Section 230 and its analogues elsewhere were crafted to solve what might be called the “moderator’s dilemma”. In the mid-1990s regulators worried that online firms would refrain from policing their services for fear this would make them liable for the content and open them up to costly lawsuits. To solve this problem, section 230 stipulated that, even if firms moderated content, they could not be held liable for it. It does not, however, eliminate all liability for online content. Material that is copyrighted or violates federal criminal law must still be taken down. And those posting offending content can be sued, though this is often difficult and costly.

Much has changed since the CDA was passed in 1996. Few predicted back then the flood of invective and misinformation that now sloshes around online. Nor did they guess that social-media firms, fixated on growth and profitability, would do little to stem the tide until the negative effects became too egregious to deny. Big tech firms now employ armies of moderators and use artificial intelligence to police their services, but governments, particularly in Europe, want them to do more. Meanwhile, civil libertarians worry about the stifling impact on free speech. (And so, he claims, does Mr Trump.)

Section 230 and similar regulations have already gone through one round of mini-reforms. In May 2016 the European Union (EU) agreed to a “Code of Conduct” with Facebook, Microsoft, Twitter and YouTube to counter online hate speech. It includes a commitment to deal with most offensive content within 24 hours. In 2017 Germany made compliance with such rules mandatory, while giving firms some leeway in how they apply them. And in 2018 Congress added communications that promote sex-trafficking to the list of content that is exempt from immunity.

A second round of reforms has now begun. The EU intends to follow the example of Germany, which itself is in the process of tightening its law, the Netzwerkdurchsetzungsgesetz. Britain may soon get similar legislation. In America calls are growing to scrap section 230—on the left as well as the right. Joe Biden, the presumptive Democratic presidential candidate, is not a fan.

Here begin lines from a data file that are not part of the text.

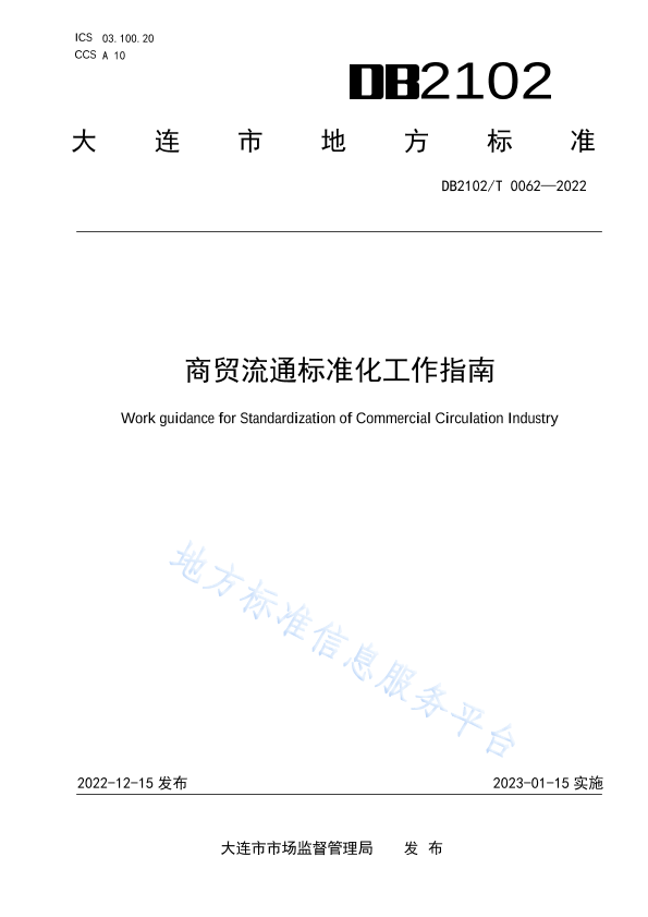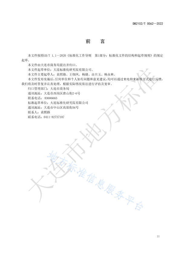 本文件按照GB/T 1.1-2020《标准化工作导则第1部分: 标准化文件的结构和起草规则》的规定起草。 本文件由大连市商务局提出并归口。 本文件起草单位:大连标准化研究院有限公司。 本文件主要起草人:袁照路、王细凤、杨捷、由旦玉、杨永林。 本文件发布实施后,任何单位和个人如有问题和意见建议,均可以通过来电和来函等方式进行反馈,我们将及时答复并认真处理,根据实际情况依法进行评估及复审。 归口管理部门:大连市商务局 通讯地址:大连市西岗区唐山街2-6号 联系电话: 83686665 标准起草单位:大连标准化研究院有限公司 通讯地址:大连市中山区高原街56号 联系人:袁照路 联系电话: 0411-82737107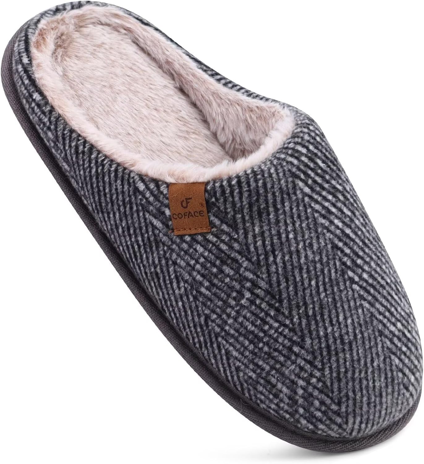 COFACE Womens Cozy Memory Foam Scuff Slippers Ladies Fuzzy Warm Slip On House Shoes With Arch Support, Indoor Outdoor Rubber Sole
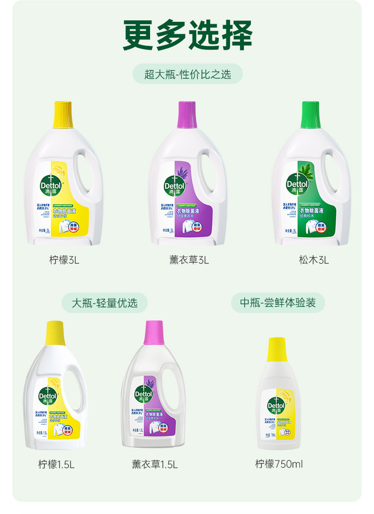 这款清洁消毒产品气味清新淡雅,不刺鼻,温和不伤织物,能够有效去除衣物异味和汗味,具有良好的消毒效果,让人穿着安心。此外,产品量大耐用,包装结实,是许多家庭的常备之选。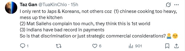 “They damage your house furniture, make a huge mess to your kitchen from all the smelly curries. Got kids? They draw on the walls! Now, are they going to compensate the landlords? NO! ,” he fumed.
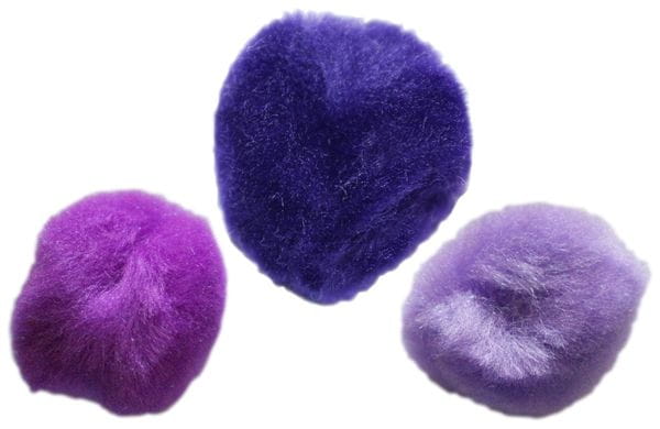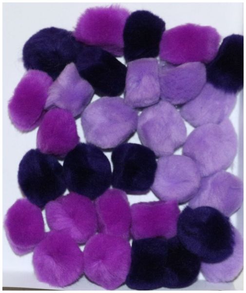 Pompony akrylowe. Kolor: tonacja fioletowa, średnica: 25 mm. 30 szt.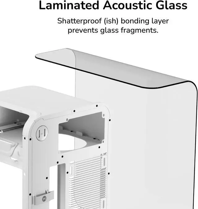 Keeping the trendy yet unique style that HYTE is known for, the X50 PC case uses a 4mm thick laminated acoustic glass with sound dampening properties and a shatter-proof layer. This disciplined design blends premium materials like curved steel and tempered glass, remaining playful yet intentional. By placing the PSU shroud at the top, cable management also becomes easier than ever by hanging down and flowing with gravity. Featuring plenty of color options for all sorts of desktop styles, experience play with the new HYTE X50 PC case.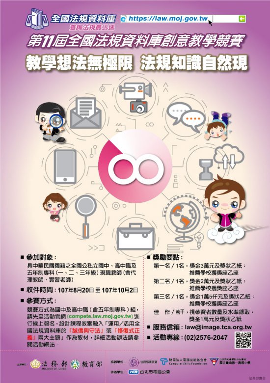 檢送「第11屆全國法規資料庫法規知識王網路闖關競賽要點」及「第11屆全國法規資料庫創意教學競賽要點」各1份,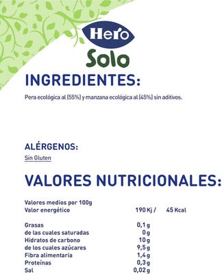 Hero Baby SOLO Bio Pera y Manzana 120 gr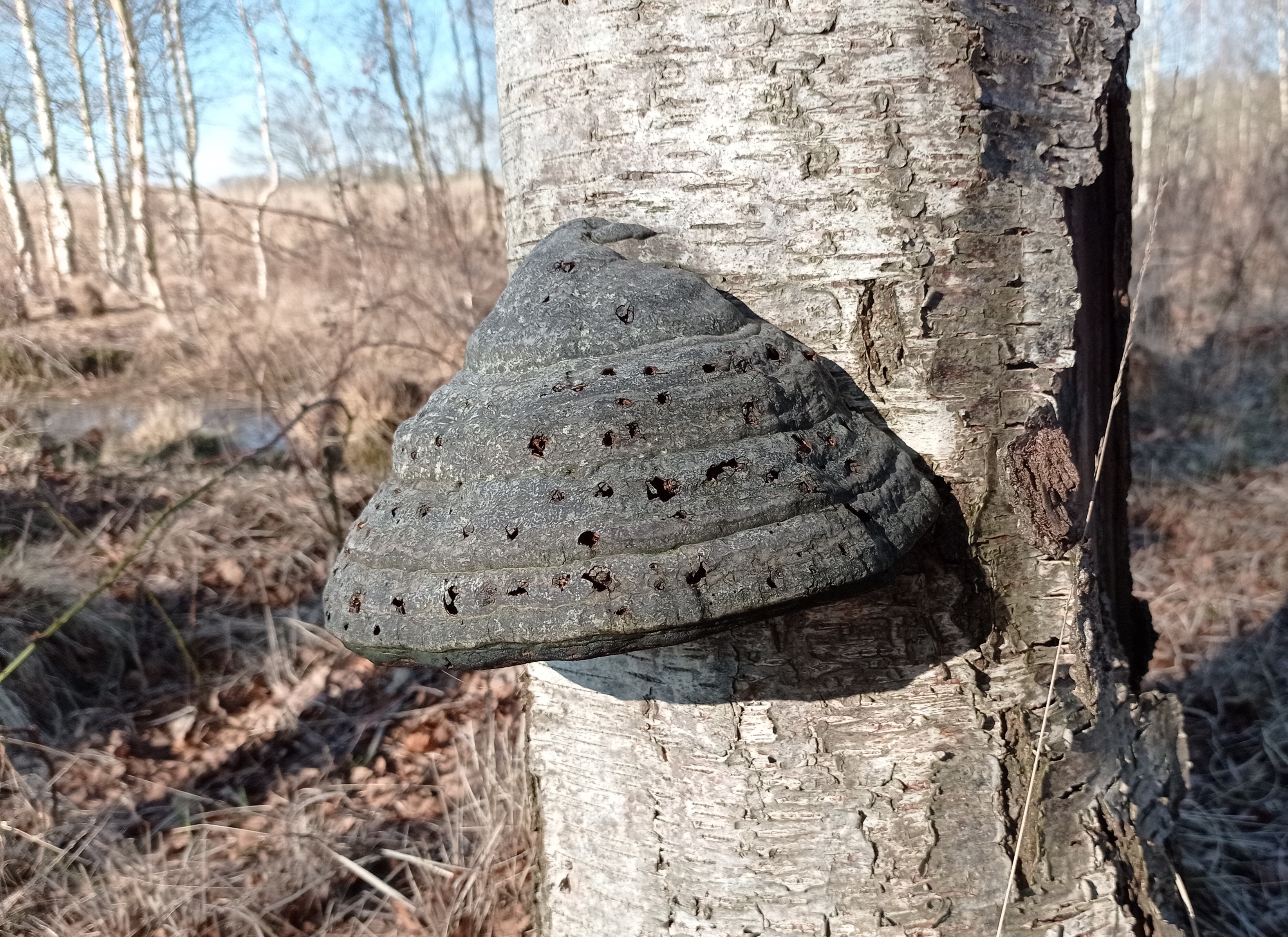 ). De paddestoel op de foto is de gewone tonderzwam. Vroeger werd er tondel in bewaard, vandaar de naam. De gaatjes zijn gemaakt door insecten die er in leven.ik heb toen vrienden wat hout in t vuur gooiden nog een paar van deze zwammen er af kunnen halen. Ze liggen nu bij me op mijn kamer en blijven nog mooi in vorm.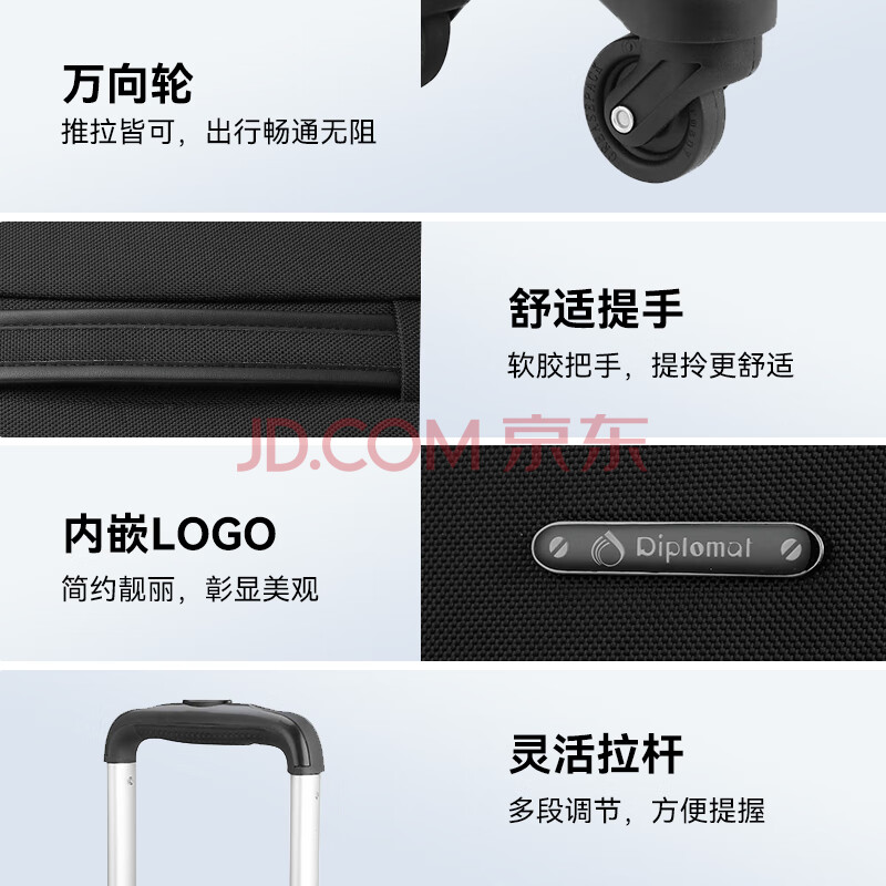 商品相册:Diplomat外交官DEF-1551G 行李箱商务万向轮商务航空登机旅行箱黑色16英寸第
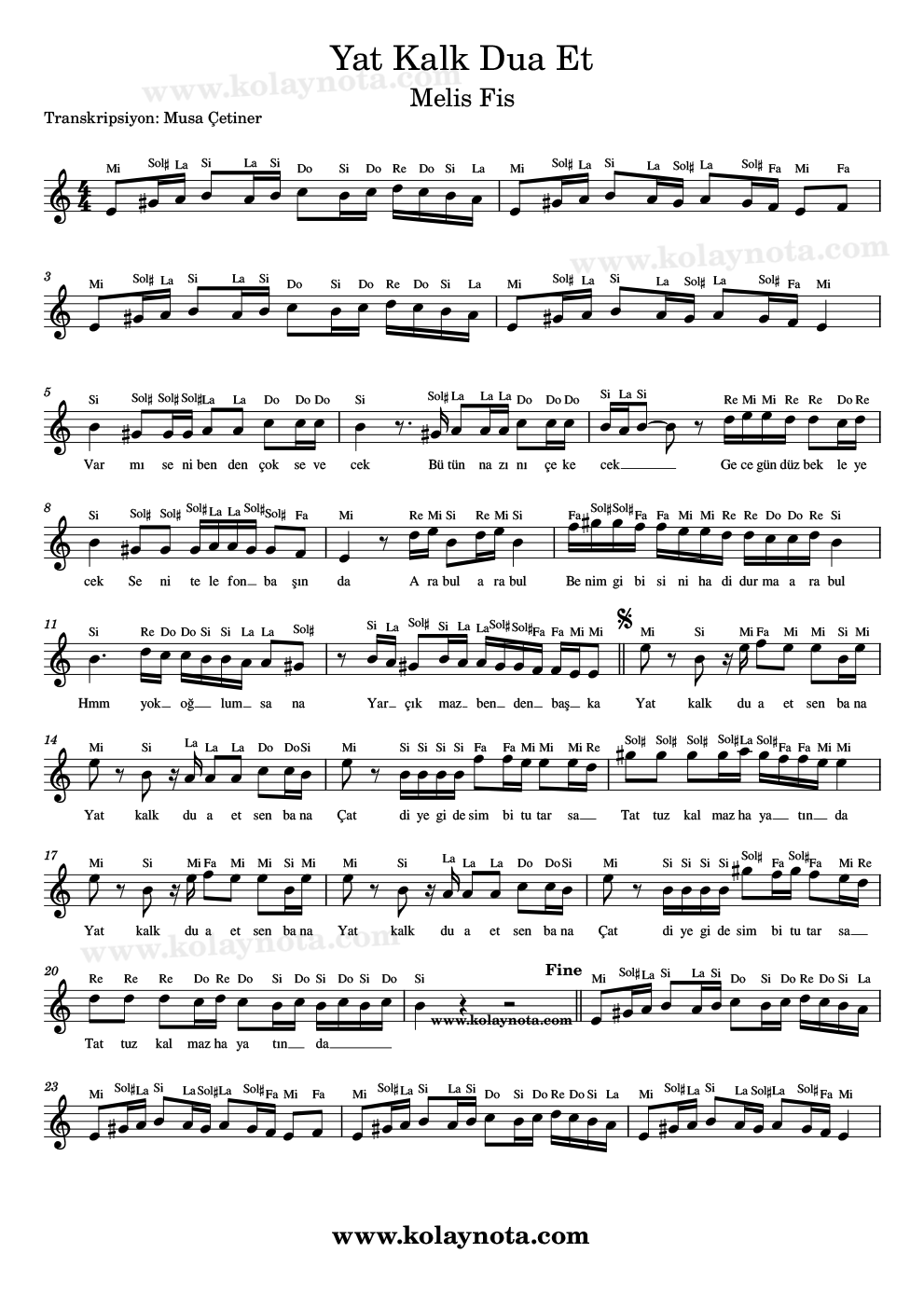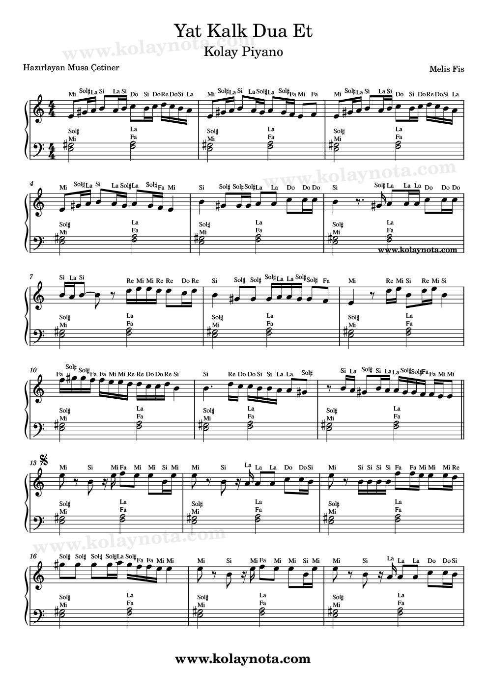Yat Kalk Dua Et, Nota. Melis Fis’in bir şarkısı. Hicaz makamında bestelenmiş ve Fa karar sesinde okunmuş. Be Mi karar sesinde notaya aldım. Kolay ve piyano düzenlemesini görebilirsiniz. Keman, melodika, flüt, org gibi çalgılarda çalabilir, PDF ve imaj biçimlerinde görüntüleyebilirsiniz.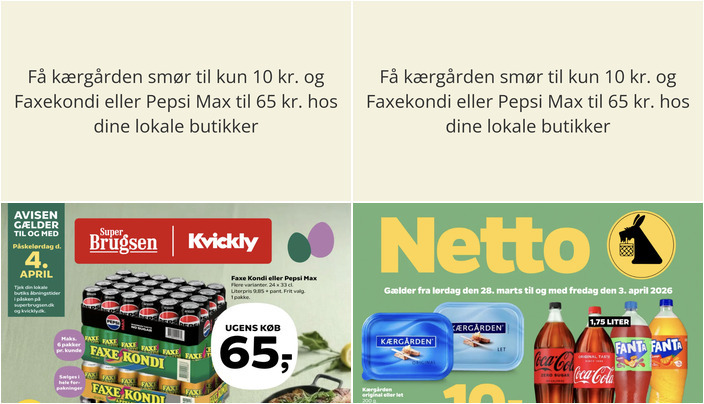 SuperBrugsen tilbyder Faxekondi eller Pepsi Max i flere varianter. Du kan få en pakke med 24 x 33 cl for kun 65 kr. pr. pakke. Der er en begrænsning på maksimalt 6 pakker pr. kunde. Tilbuddet gælder fra fredag den 27. marts til lørdag den 4. april.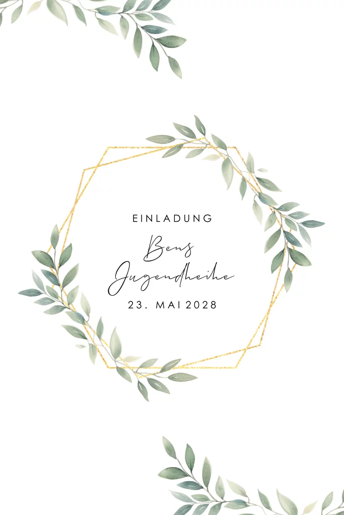 Einladung zur Jugendweihe mit Zweigen und Blättern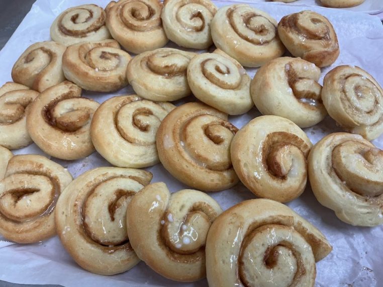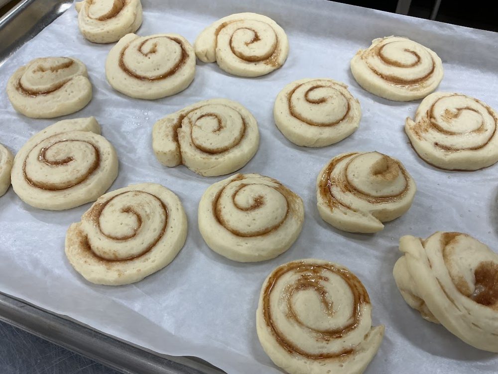 シナモンシュガーをたっぷりのせた後に巻いて切った断面がとても綺麗に仕上がりました。

But without such legislation social-media firms will probably err on the side of caution and become the “ministries of truth” that so many fear.

Governments, particularly in Europe, where limits on free speech are more acceptable, seem to be urging online firms to police their platforms more. Tech titans are unlikely to put up much resistance, since they have already begun monitoring more content in the wake of the pandemic (see article). Groups charged with overseeing the companies’ decisions will become more common. They may be public agencies, as is planned in Britain, or semi-independent self-regulatory groups, such as Facebook’s “oversight board”, also known as its “supreme court”, which in early May welcomed its first batch of judges. Perhaps one day Mr Trump can look forward to their rulings.

This article appeared in the International section of the print edition under the headline "The moderator’s dilemma"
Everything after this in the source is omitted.